Exercise instructions:
Each record must be returned exactly, apart from the pictures, which stay out.

Records contained in a dataset:

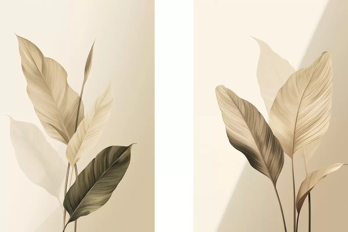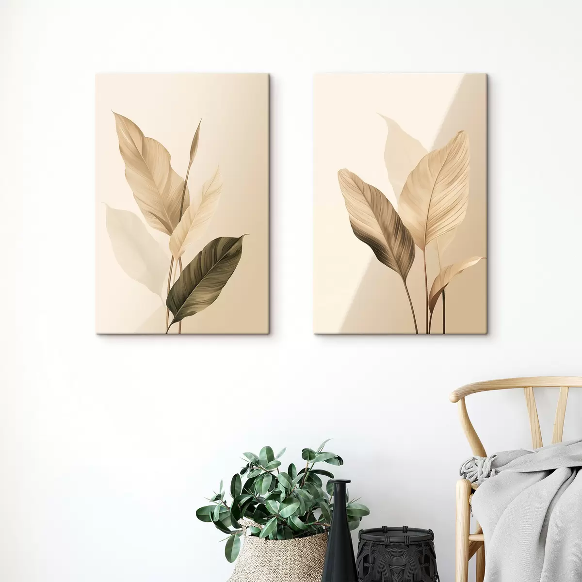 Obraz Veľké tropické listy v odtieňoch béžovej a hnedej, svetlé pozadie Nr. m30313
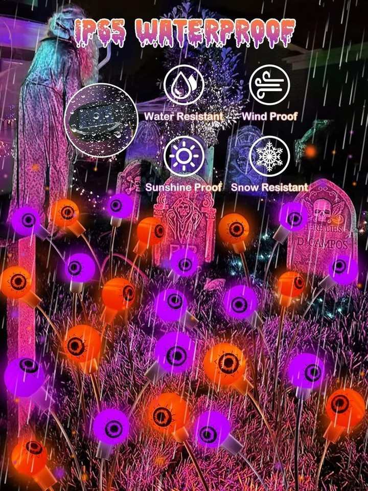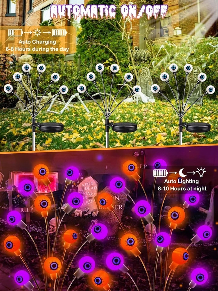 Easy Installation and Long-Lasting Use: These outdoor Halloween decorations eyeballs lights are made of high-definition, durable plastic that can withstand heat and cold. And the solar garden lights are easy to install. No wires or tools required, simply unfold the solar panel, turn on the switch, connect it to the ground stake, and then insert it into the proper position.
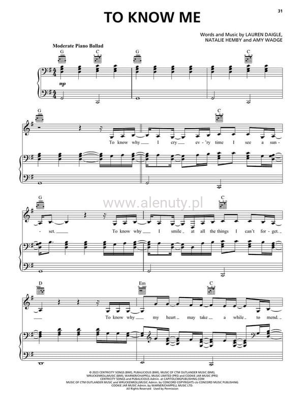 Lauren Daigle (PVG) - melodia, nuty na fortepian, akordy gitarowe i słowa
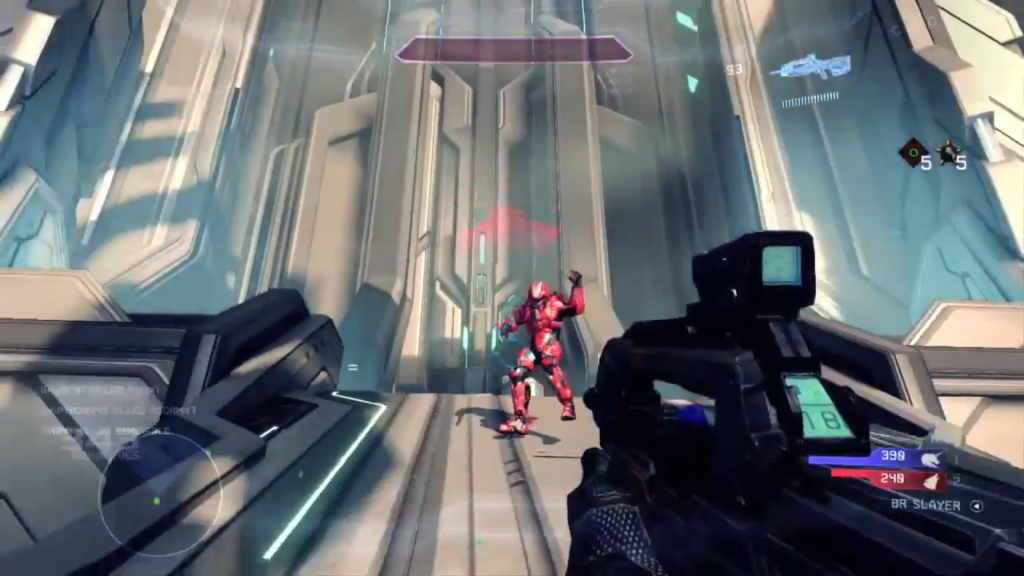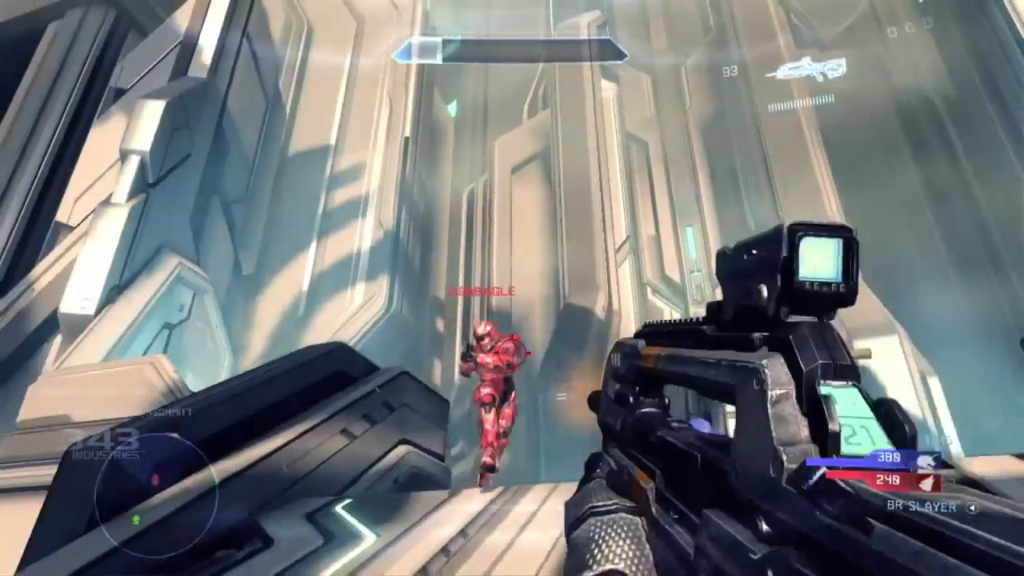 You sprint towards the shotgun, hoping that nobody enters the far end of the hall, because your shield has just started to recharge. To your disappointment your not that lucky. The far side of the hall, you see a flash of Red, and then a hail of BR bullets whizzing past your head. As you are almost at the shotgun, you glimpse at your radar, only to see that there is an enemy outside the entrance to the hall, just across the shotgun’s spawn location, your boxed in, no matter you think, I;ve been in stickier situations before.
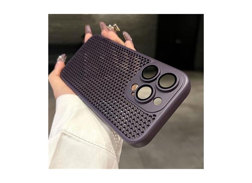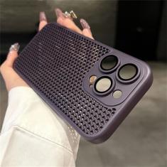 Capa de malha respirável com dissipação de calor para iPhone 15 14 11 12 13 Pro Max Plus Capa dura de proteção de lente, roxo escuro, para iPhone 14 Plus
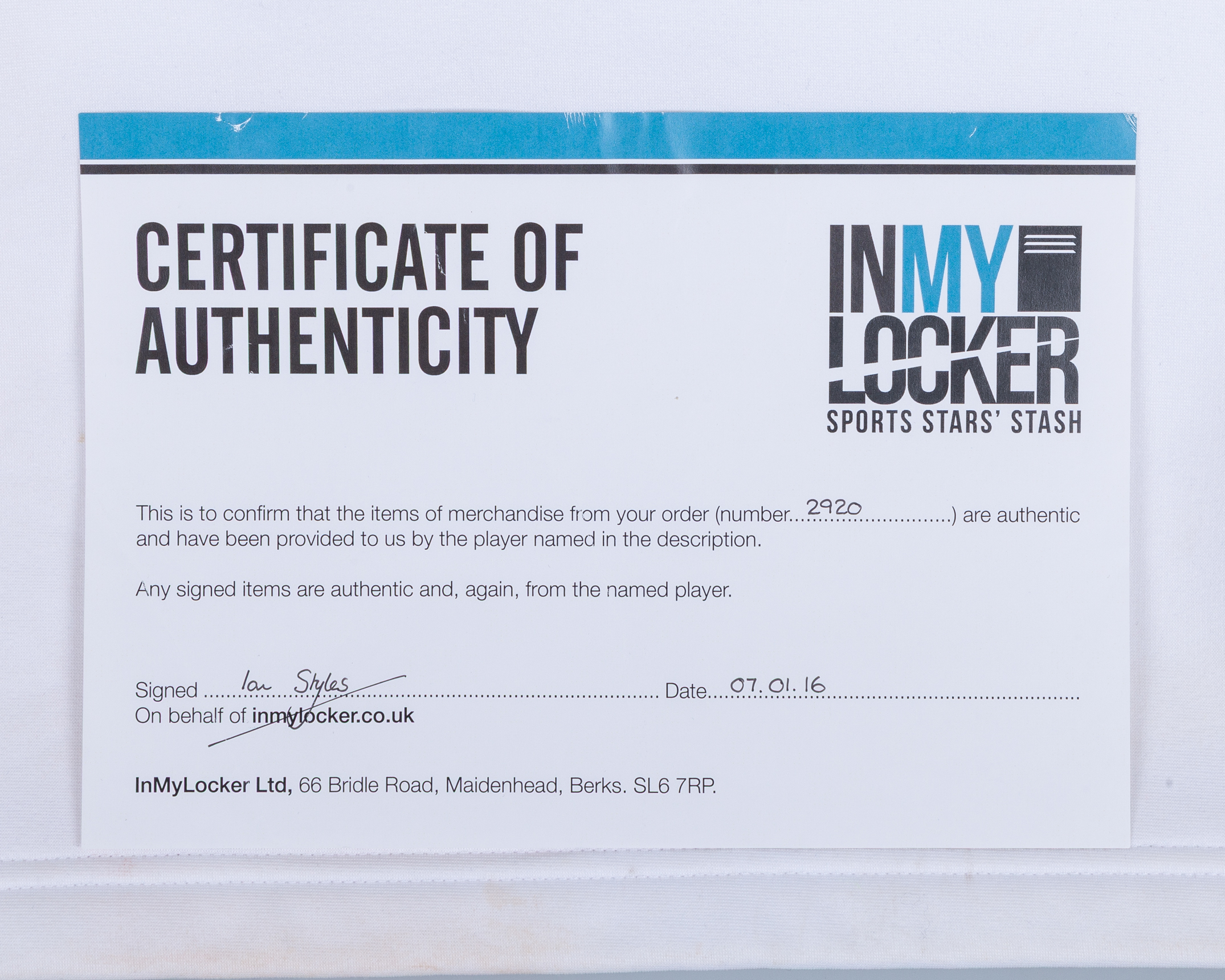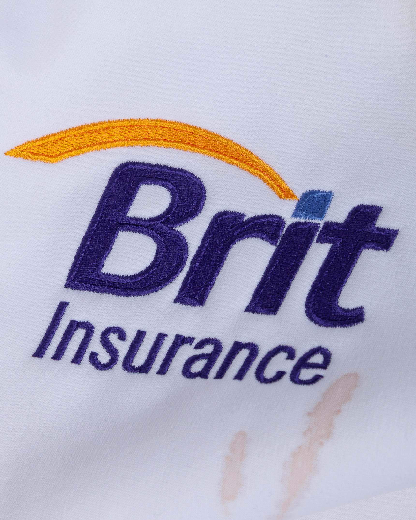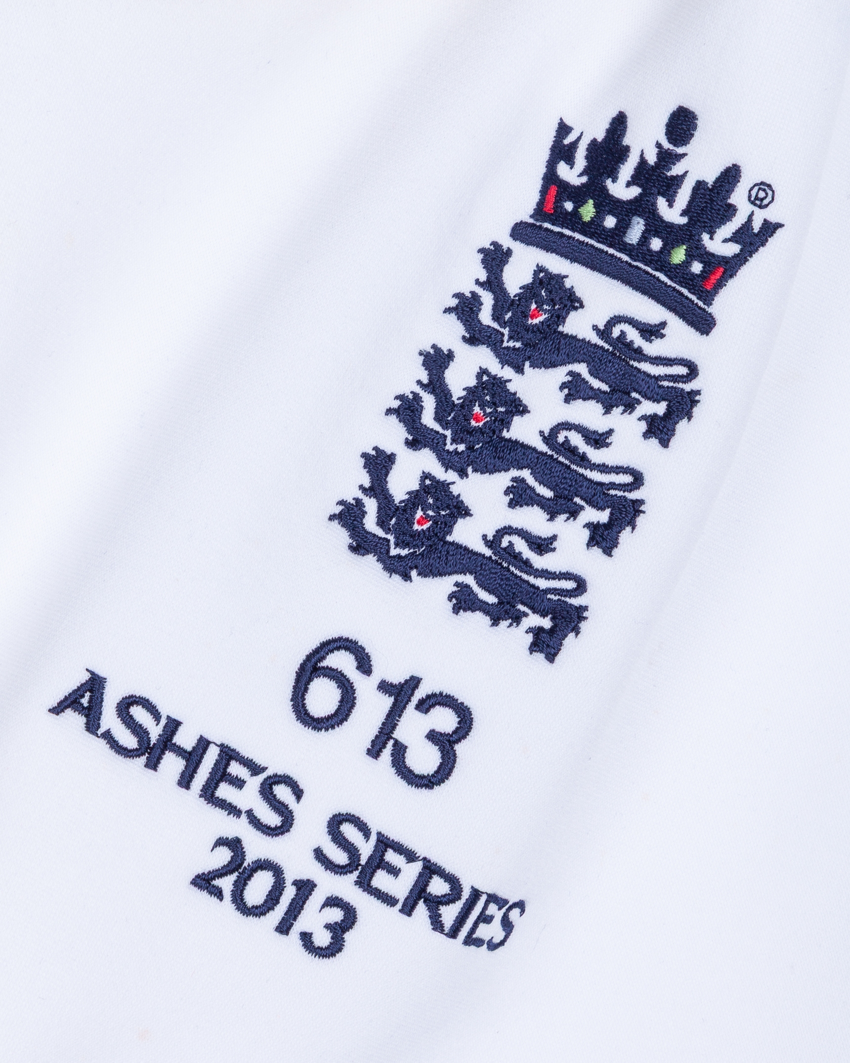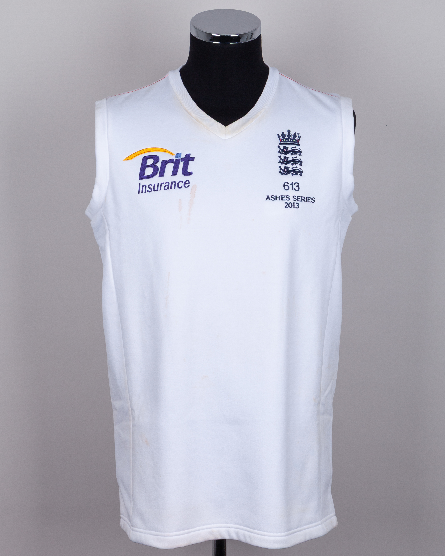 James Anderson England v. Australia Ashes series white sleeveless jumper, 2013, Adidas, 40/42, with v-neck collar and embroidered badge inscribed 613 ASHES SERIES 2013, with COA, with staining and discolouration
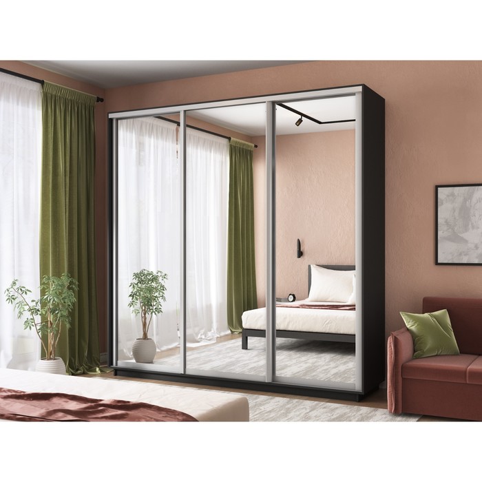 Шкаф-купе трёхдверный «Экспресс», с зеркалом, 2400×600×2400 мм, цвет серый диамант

Response:
 Obraz Veľké tropické listy v odtieňoch béžovej a hnedej, svetlé pozadie Nr. m30313
 Easy Installation and Long-Lasting Use: These outdoor Halloween decorations eyeballs lights are made of high-definition, durable plastic that can withstand heat and cold. And the solar garden lights are easy to install. No wires or tools required, simply unfold the solar panel, turn on the switch, connect it to the ground stake, and then insert it into the proper position.
 Lauren Daigle (PVG) - melodia, nuty na fortepian, akordy gitarowe i słowa
 You sprint towards the shotgun, hoping that nobody enters the far end of the hall, because your shield has just started to recharge. To your disappointment your not that lucky. The far side of the hall, you see a flash of Red, and then a hail of BR bullets whizzing past your head. As you are almost at the shotgun, you glimpse at your radar, only to see that there is an enemy outside the entrance to the hall, just across the shotgun’s spawn location, your boxed in, no matter you think, I;ve been in stickier situations before.
 Capa de malha respirável com dissipação de calor para iPhone 15 14 11 12 13 Pro Max Plus Capa dura de proteção de lente, roxo escuro, para iPhone 14 Plus
 James Anderson England v. Australia Ashes series white sleeveless jumper, 2013, Adidas, 40/42, with v-neck collar and embroidered badge inscribed 613 ASHES SERIES 2013, with COA, with staining and discolouration
 Шкаф-купе трёхдверный «Экспресс», с зеркалом, 2400×600×2400 мм, цвет серый диамант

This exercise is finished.